Wie wirkt sich die Agenda 2030 auf das vom Senat ausgegebene Ziel, jährlich 10.000 Wohnungen zu genehmigen (und in der Folge auch zu bauen) aus? Schließen Nachhaltigkeitskriterien den Bau von bezahlbarem Wohnraum nicht weitestgehend aus?

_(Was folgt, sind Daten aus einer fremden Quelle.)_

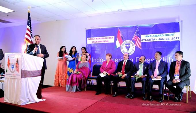 Indo-American Press Club–Atlanta Chapter (IAPC-A) hosted its first Republic Day celebration and awards ceremony at Ashiana Banquet Hall in Global Mall, Norcross on Saturday, January 28. The grand reception was graced by the presence of Consul General Nagesh Singh, Consul D.V. Singh, Chairman of the Board of Commissioners for Gwinnett County Charlotte Nash, and leading members of the Atlanta community.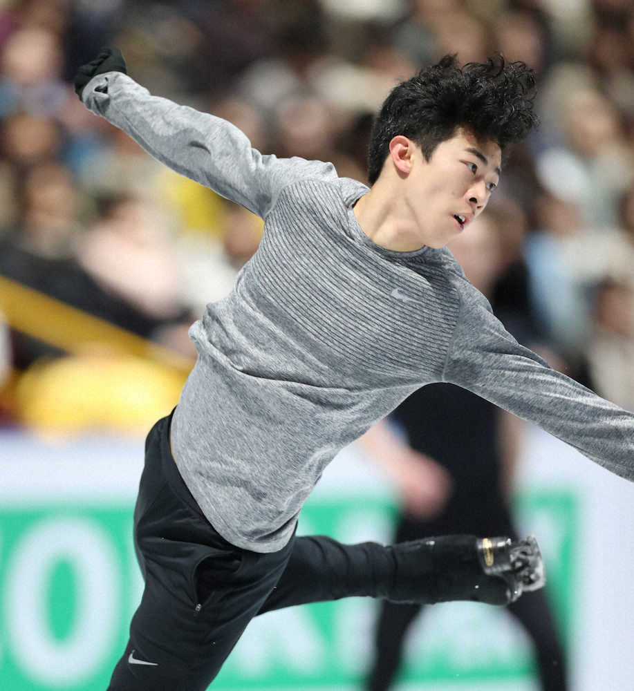 21日の男子ショートプログラム(SP)首位のネーサン・チェン(19=米国)が練習リンクでの公式練習に臨んだ。昼の練習ではスケーティングに終始したが、夕方は一変してジャンプを積極的に跳んだ。曲をかけた滑りでは4回転ルッツ、4回転トーループ、4回転トーループ―3回転トーループに成功。4回転フリップは2回転になったものの、連覇へ、躍動感を見せた。

Für Hamburg ist die Schaffung neuen, bezahlbaren Wohnraums ein zentrales Ziel. In den letzten zehn Jahren wurden bereits über 66.000 neue Wohnungen fertiggestellt. Auch bei der Errichtung öffentlich geförderter Wohnungen ist Hamburg im Bundesvergleich an der Spitze. Um diese Entwicklung besonders nachhaltig zu gestalten, fördert der Senat zum Beispiel das energieeffiziente und klimaschonende Bauen im Bereich der Neuerrichtung von Wohn- und Nichtwohngebäuden sowie bei der Gebäudemodernisierung. Im Einzelnen werden ambitionierte Energieeffizienzstandards sowie die Verwendung von Holz und nachhaltigen Dämmstoffen gefördert. In Zukunft sollen insbesondere die graue Energie bei der Errichtung von Gebäuden weiter reduziert und wiedergewonnene Baustoffe aus Abrisstätigkeiten einer erneuten Nutzung zugeführt werden.
Dieses Interview ist zuerst im Nachhaltigkeitsmagazin von SZENE HAMBURG erschienen.